[Action item] Print the lines from the one containing "首页 > 过刊浏览>2026年第57卷第4期" through the end of the material below, both included, exactly as they appear and without pictures.

[Data for this task]
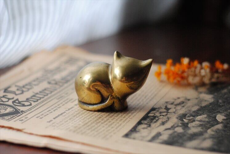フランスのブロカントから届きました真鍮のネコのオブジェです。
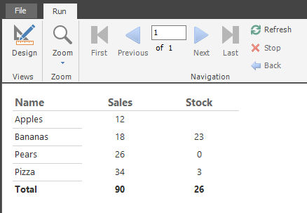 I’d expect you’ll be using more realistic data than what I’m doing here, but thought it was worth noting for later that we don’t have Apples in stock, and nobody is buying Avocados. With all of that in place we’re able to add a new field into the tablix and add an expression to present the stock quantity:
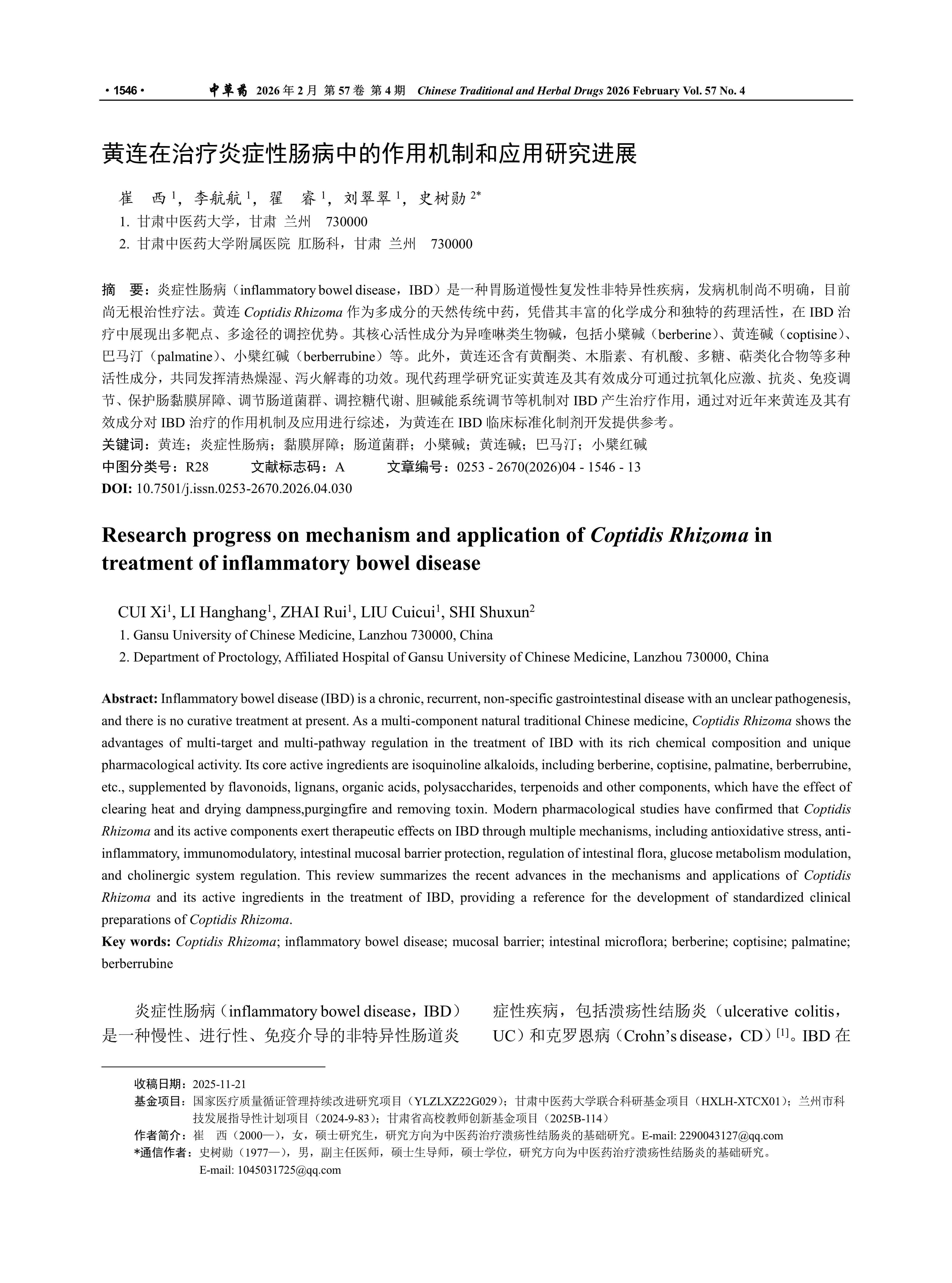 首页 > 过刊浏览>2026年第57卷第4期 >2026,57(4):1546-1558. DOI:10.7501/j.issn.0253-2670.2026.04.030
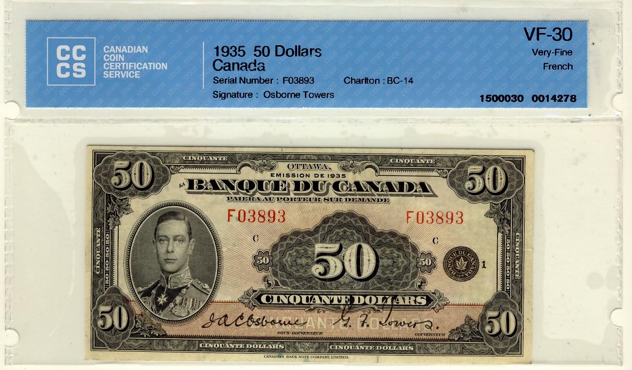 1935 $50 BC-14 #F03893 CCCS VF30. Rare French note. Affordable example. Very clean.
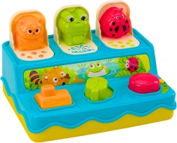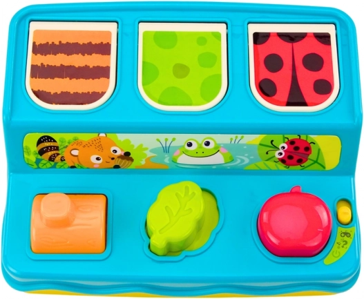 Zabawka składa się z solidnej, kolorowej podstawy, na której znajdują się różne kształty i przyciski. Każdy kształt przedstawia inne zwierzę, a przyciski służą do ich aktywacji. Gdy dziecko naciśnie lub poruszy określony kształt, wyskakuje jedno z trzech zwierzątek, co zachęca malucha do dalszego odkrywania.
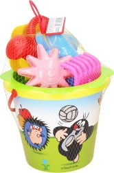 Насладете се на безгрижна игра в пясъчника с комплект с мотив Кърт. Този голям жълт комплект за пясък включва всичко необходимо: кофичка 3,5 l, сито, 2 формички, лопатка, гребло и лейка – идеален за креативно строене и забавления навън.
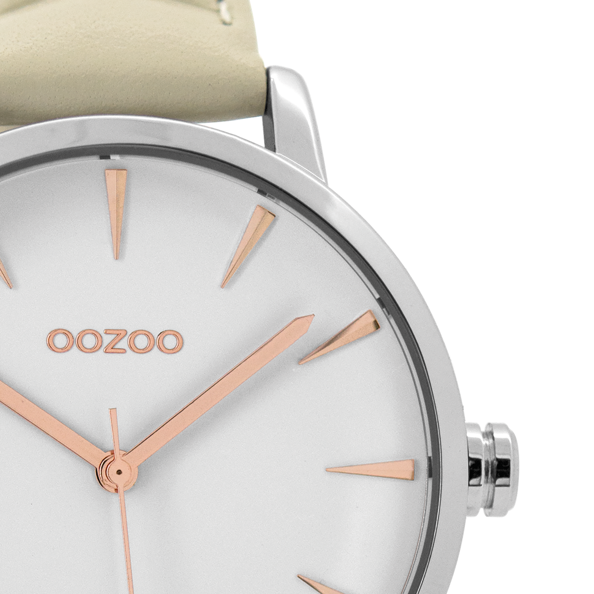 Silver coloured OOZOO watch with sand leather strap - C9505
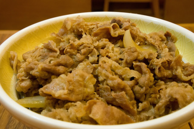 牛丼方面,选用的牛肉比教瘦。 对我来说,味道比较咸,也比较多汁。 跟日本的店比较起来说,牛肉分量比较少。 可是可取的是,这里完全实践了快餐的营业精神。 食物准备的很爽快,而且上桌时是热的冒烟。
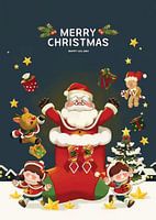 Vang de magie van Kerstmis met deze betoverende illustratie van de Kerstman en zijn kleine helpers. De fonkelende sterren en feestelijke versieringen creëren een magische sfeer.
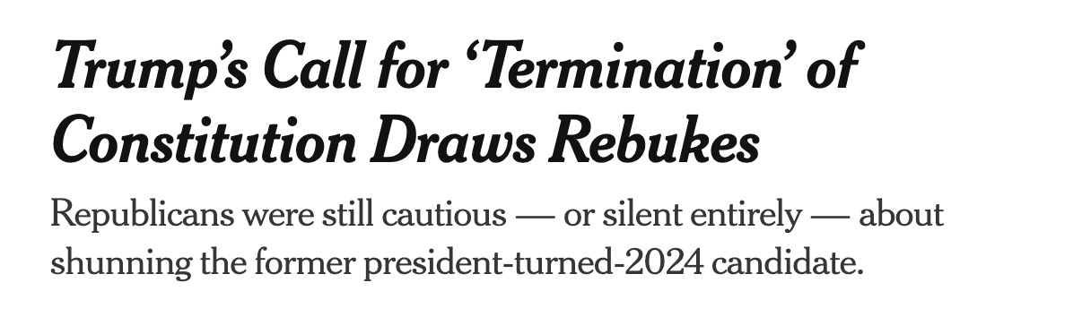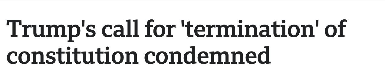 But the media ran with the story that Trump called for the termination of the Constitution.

[Solution to this problem]
 首页 > 过刊浏览>2026年第57卷第4期 >2026,57(4):1546-1558. DOI:10.7501/j.issn.0253-2670.2026.04.030
 1935 $50 BC-14 #F03893 CCCS VF30. Rare French note. Affordable example. Very clean.
 Zabawka składa się z solidnej, kolorowej podstawy, na której znajdują się różne kształty i przyciski. Każdy kształt przedstawia inne zwierzę, a przyciski służą do ich aktywacji. Gdy dziecko naciśnie lub poruszy określony kształt, wyskakuje jedno z trzech zwierzątek, co zachęca malucha do dalszego odkrywania.
 Насладете се на безгрижна игра в пясъчника с комплект с мотив Кърт. Този голям жълт комплект за пясък включва всичко необходимо: кофичка 3,5 l, сито, 2 формички, лопатка, гребло и лейка – идеален за креативно строене и забавления навън.
 Silver coloured OOZOO watch with sand leather strap - C9505
 牛丼方面,选用的牛肉比教瘦。 对我来说,味道比较咸,也比较多汁。 跟日本的店比较起来说,牛肉分量比较少。 可是可取的是,这里完全实践了快餐的营业精神。 食物准备的很爽快,而且上桌时是热的冒烟。
 Vang de magie van Kerstmis met deze betoverende illustratie van de Kerstman en zijn kleine helpers. De fonkelende sterren en feestelijke versieringen creëren een magische sfeer.
 But the media ran with the story that Trump called for the termination of the Constitution.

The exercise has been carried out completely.